Batch email sending triggers 429

Hi Nylas Team,

We are a paying customer and have recently seen a significant increase in our usage. As a result, we are frequently encountering 429 errors, especially for our connected Google accounts.

I’ve read the rate limit documentation (Nylas API and provider rate limits | Docs), and I understand that Google uses a quota-based system (e.g., 100 units per send). We are trying to build a robust queueing system to manage this.

My main question is: Does Nylas perform any background API calls (e.g., syncing new emails) that would consume our Google API quota?

We’re trying to build a local rate limiter, but it’s difficult to predict the total quota usage if there are “hidden” requests from Nylas. Any guidance or best practices on how to reliably manage Google’s quota when sending emails at scale would be greatly appreciated.
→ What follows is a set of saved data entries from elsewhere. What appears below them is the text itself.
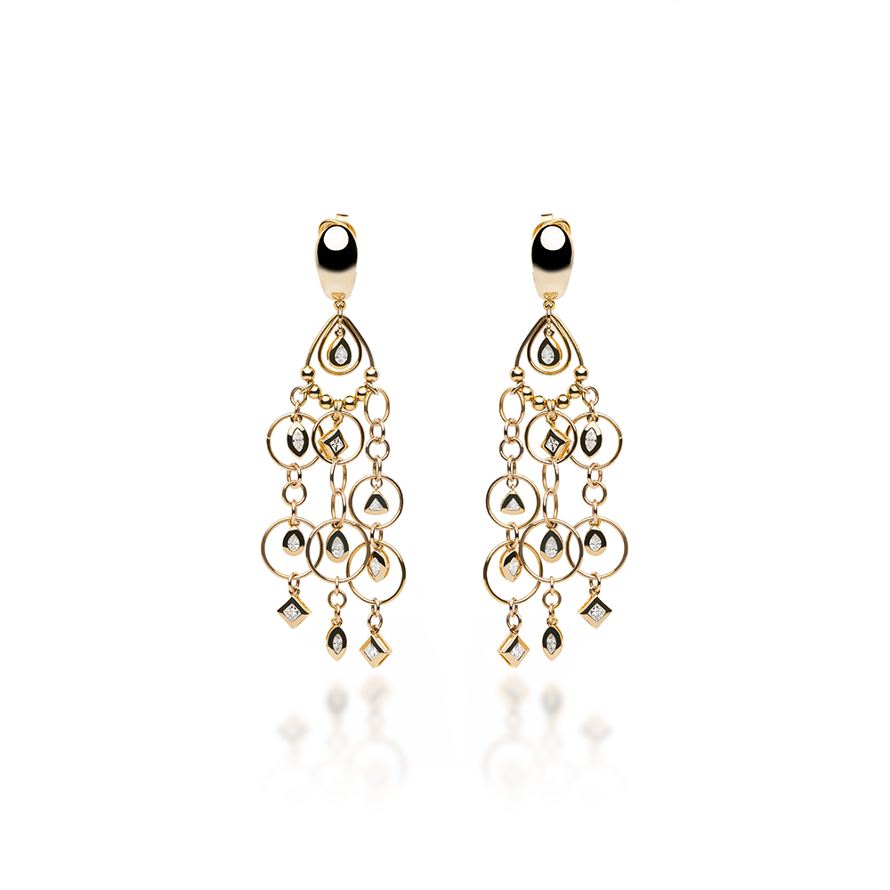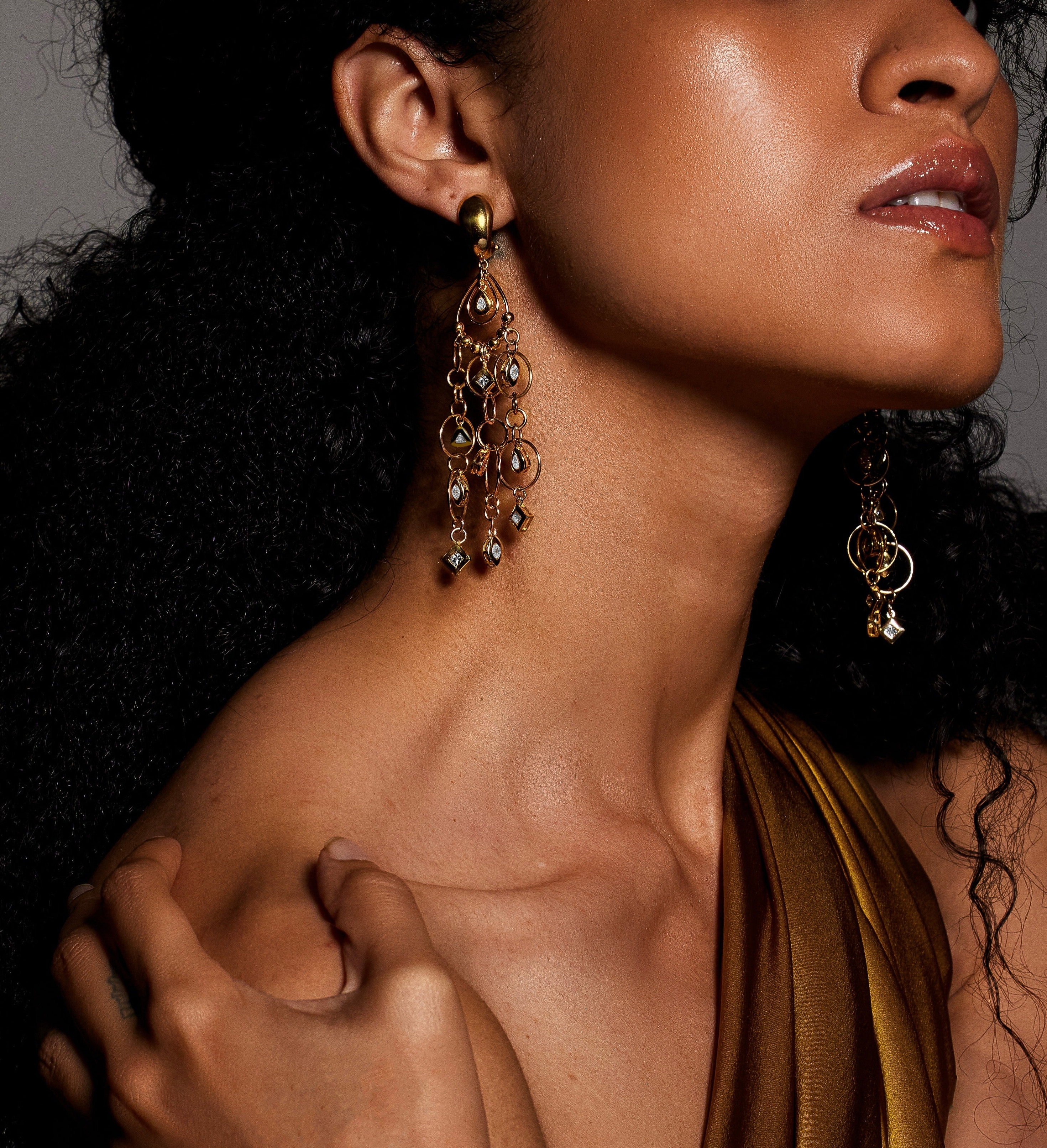 Multi Shape Diamond Bezel Chandelier Earrings.
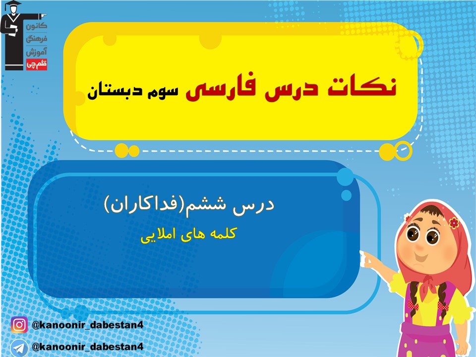 کلمات مهم املایی درس ششم فارسی سوم دبستان(فداکاران)
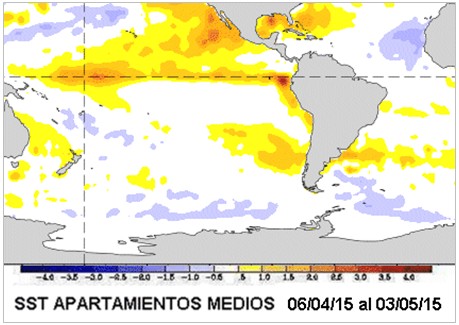 Durante las últimas dos semanas del pasado mes se apreció una anomalía positiva de un grado centígrado en vastos sectores de la cuenca del Pacífico Ecuatorial. Esto implica que las anomalías de temperatura confirman el retorno del indicador ENSO hacia una posición El Niño, por el momento débil pero que posiblemente se mantenga durante gran parte del año.
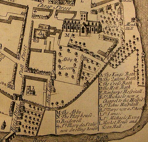 Map of Bath in 1692. It shows Abbey Green with the gateway at the bottom leading
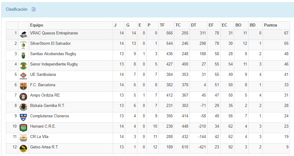 También a las 12:00 los hombres de Tristán Mozimán cumplían en San Román en un festival de ensayos por parte de los dos equipos. Los getxotarras se fueron al descanso sólo un punto abajo tras firmar una primera parte muy seria, pero en la segunda mitad los verdi blancos consiguieron posar tres ensayos más sentenciando el encuentro 46-31.
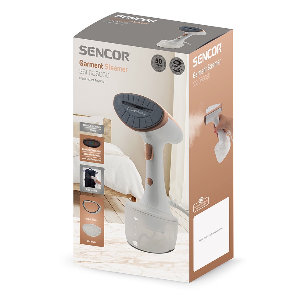 Основни характеристики: Уред за вертикално гладене с пара SENCOR SSI 0860GD, 1600W, Функция Drip-Stop, Бял/Златист - Код G5504
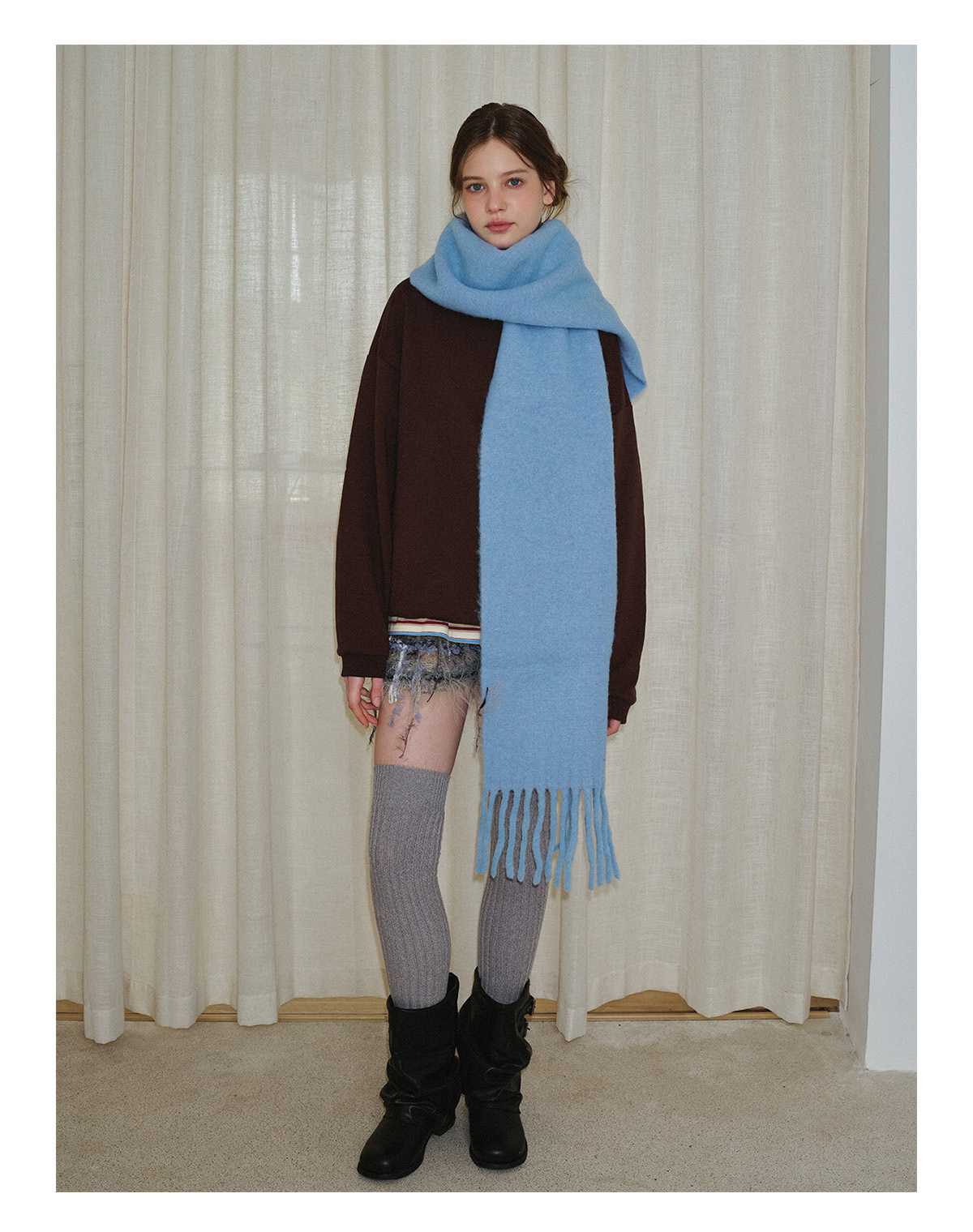 겨울 분위기의 아이슬란드 블루 소프트 스카프 여성용 40 울 글레이셔 블루 솔리드 컬러 스카프가 포함된 자체 제작 방적사스토어 가기
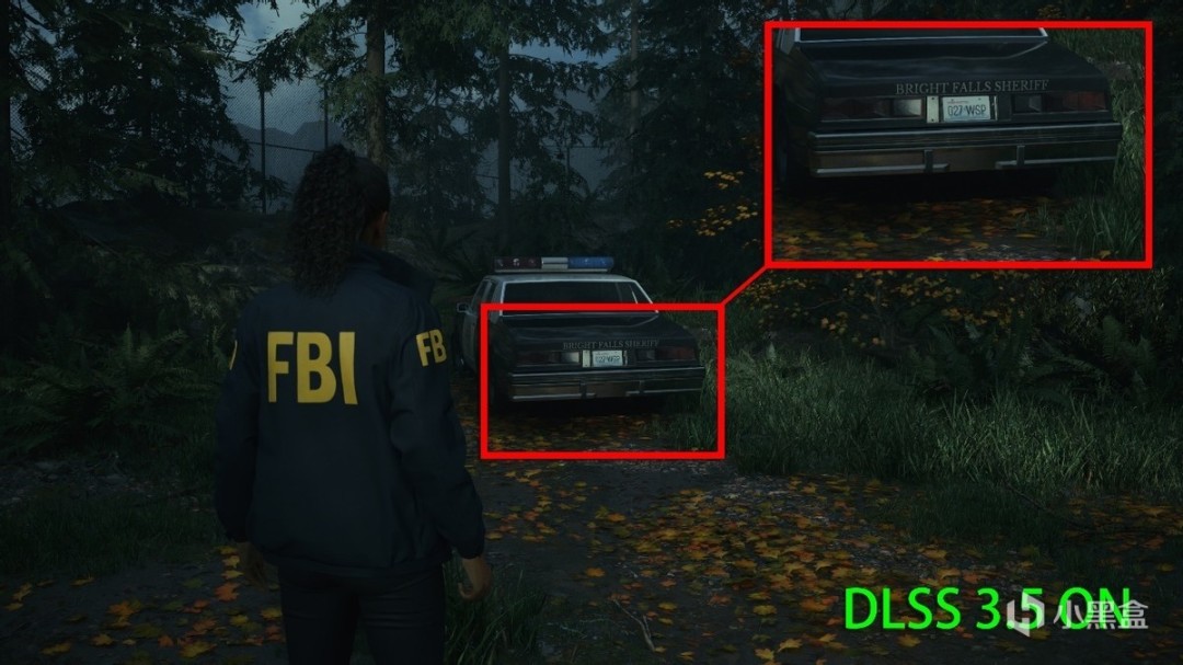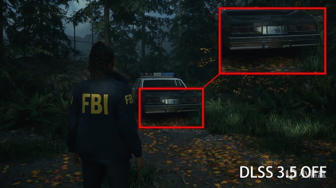 在第一章节的丛林中同样也能很好感受到DLSS 3.5带来的效果,远处的车牌和Logo更为清晰可见,草地上的光斑也更为自然。一旦关闭DLSS 3.5,车牌和Logo开始变得模糊,草地的光斑变成了提前设置好的路灯。
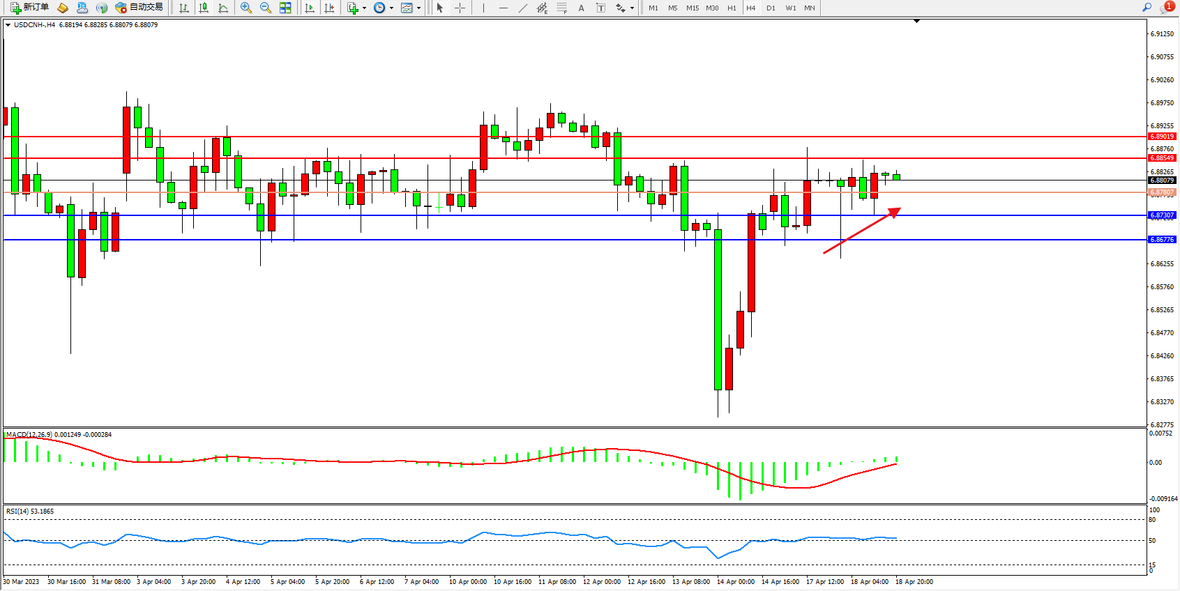 交易策略:6.87807上方看涨,目标6.88549 6.89019
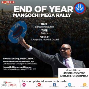The opposition Democratic Progressive Party (DPP) led by former President Peter Mutharika will today hold end of year mega rally […]
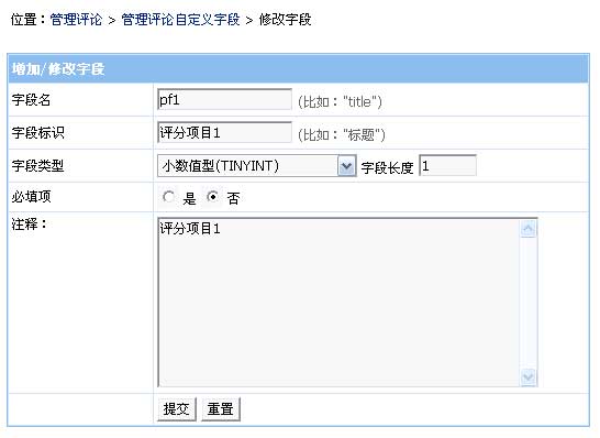 例子:通過自定義字段實(shí)現(xiàn)多項(xiàng)評(píng)分
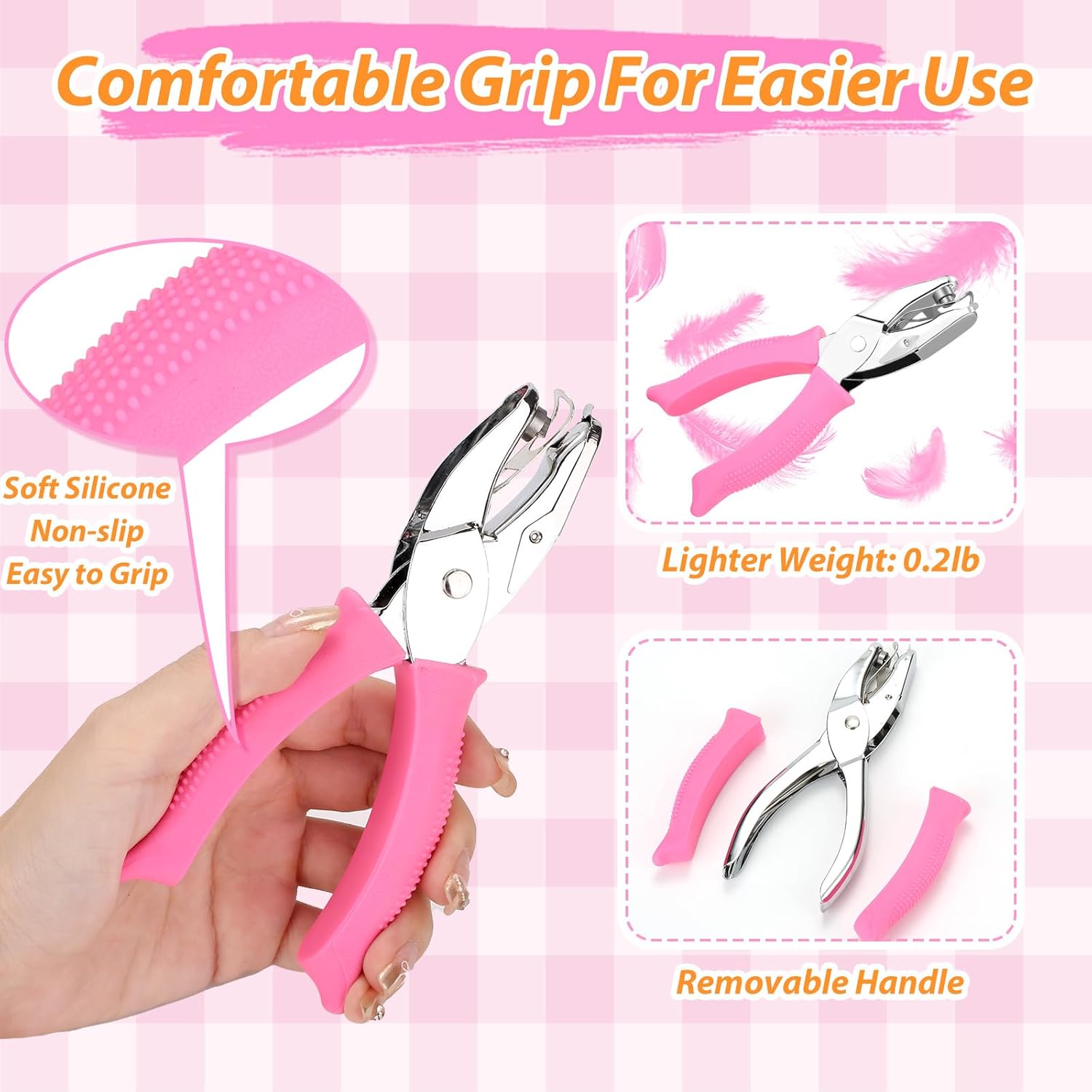 - 【COMFY GRIP, ZERO HAND STRAIN】 Say goodbye to sore palms! The cloud-soft silicone handles with anti-slip texture let you punch through 14 sheets of paper effortlessly. Feels like squeezing a stress ball – perfect for arthritis sufferers or little hands.
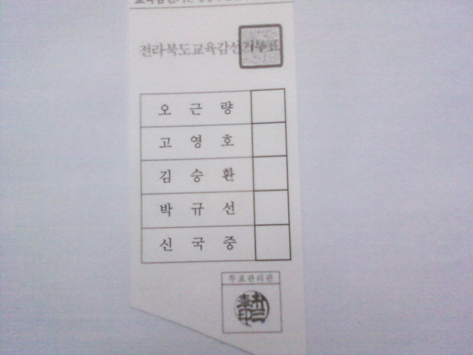 제5회 전국동시지방선거 전라북도교육감 선거에서 무소속 김승환 후보가 236,947표(28.99%)를 얻어 당선되었다. 오근량 후보는 234,666표(28.71%)를 얻어 낙선하였다. 그 외 후보로는 박규선(175,992표, 21.53%), 고영호(99,641표, 12.19%), 신국중(70,008표, 8.56%) 후보가 출마하였다.7. 교육의원 선거
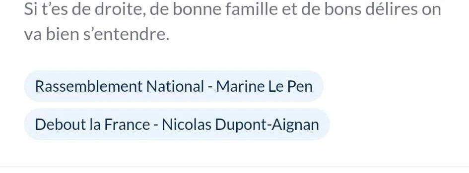 La petite nouveauté avec Droite au coeur, c’est que la plateforme prétend jouer sur le même terrain que les mastodontes du domaine comme Bumble et Tinder, en offrant une version gratuite, géolocalisée (bientôt disponible sous la forme d’une appli) et des filtres de recherches très précis comme le nom du parti sous lequel vous êtes encarté.e. Pour profiter au max de toutes ses fonctionnalités et être bien certain.e de trouver la perle rare qui vous fera lever le drapeau tous les matins, vous êtes donc très vite invité.e à renseigner votre couleur politique. Et sans surprise, les options sont limitées. Entre la droite ferme et identitaire d’Eric Ciotti, et la droite ferme et identitaire d’Eric Zemmour, le choix de la rédaction s’est porté par défaut sur le premier. Un peu comme les Républicains quand ils ont dû se résoudre à l’élire à la tête du parti…
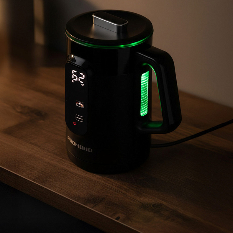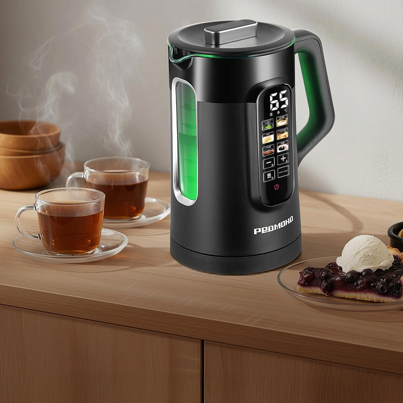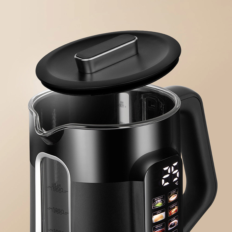Чайник позволяет точно выбирать температуру воды с шагом в 1 °C в диапазоне 35–90 °C — это удобно для приготовления детского питания и напитков, которые не должны быть слишком горячими. Функция поддержания температуры автоматически сохраняет выбранный режим до 12 часов, так что вода останется нужной температуры, даже если вы забудете про чайник.
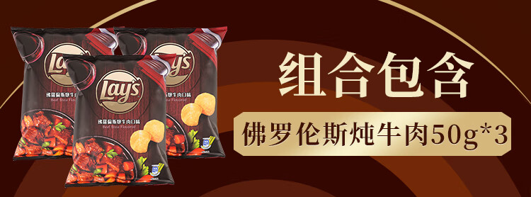 乐事(Lay's)薯片佛罗伦萨炖牛肉味50g*3 台湾产 休闲零食膨化食品
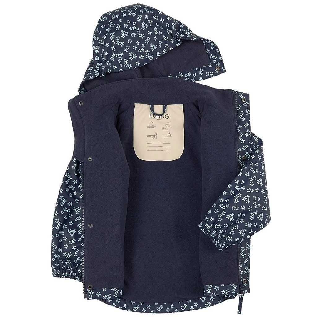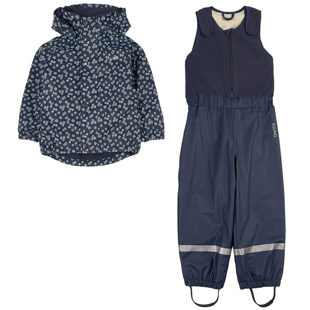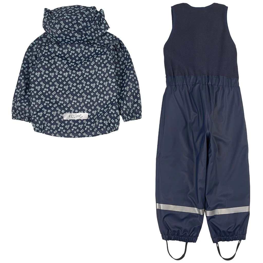Time to jump through puddles. Navy Ottawa rain set by Kuling. The set has welded seams. It has a soft fleece lining, a jacket with a detachable hood, a YKK® zipper at the front and elasticated cuffs, pants with a fleece bodice, velcro closure at the shoulders, a YKK® zipper at the front, an elasticated waist and durable, adjustable silicone foot loops and reflective details for visibility.
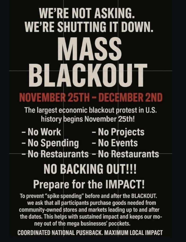 A coordinated economic blackout is set for November 25th, 2025 to December 2nd, 2025 (#masseconomicblackout). Americans are urged to refrain from spending money during this time as a demonstration that real power belongs to the people – not corrupt governments, not billionaires, not broken systems. Folks are encouraged not to purchase from:
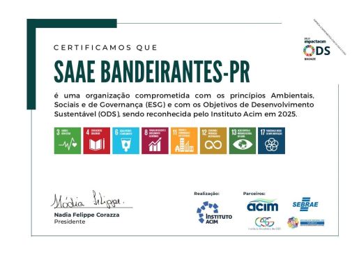 A conquista do Selo ODS Bronze reforça o empenho do SAAE Bandeirantes em atuar de forma ética, transparente e comprometida com o futuro, reafirmando seu papel como agente de transformação e desenvolvimento sustentável no município.

Or when google’s email encounters 429, how can one determine if the quota has been exhausted at the day, minute, or second level

The error code I received is like this: {‘error’: {‘message’: ‘Activity limit reached’, ‘provider_error’: {‘error’: {‘code’: 429, ‘message’: ‘User-rate limit exceeded. Retry after 2026-01-08T09:26:53.594Z (Mail sending)’}}, ‘type’: ‘quota_exceeded_error’}, ‘request_id’: ‘3305114997-9753c430-2599-4bcc-8f25-9165b071227a’}, does it mean that I can cool grantid to 2026-01-08T09:26:53.594Z before sending

Hello,

We’d be happy to help.

The short answer: Yes, Nylas does make background sync calls. The good news is that background sync operations consume a negligible fraction (~0.5%) of your available quota. Your rate limiter primarily needs to manage send operations at approximately 2 sends per second per user to stay within quota.

That’s correct. We recommend following the Retry-After header. To avoid rate limits when fetching data, we suggest listening to our webhooks and maintaining a local cache so you don’t need to fetch from the provider each time. Since send operations consume the most units, this is the area you’ll need to monitor most closely.

Let me know if you have any question.

Many thanks,
Samuel R.
Support Engineer, Nylas

Thank you very much for your help. I asked through ask ai that the reretry header is not supported. Do you mean that I can parse the reretry in the nylas api response header like Microsoft’s header to obtain the cooldown time in seconds

Hello,

Apologies for the confusion.

No, Google does not return a standard Retry-After HTTP header. Instead, Google embeds the retry timestamp in the error message body. Nylas parses this timestamp from the error body.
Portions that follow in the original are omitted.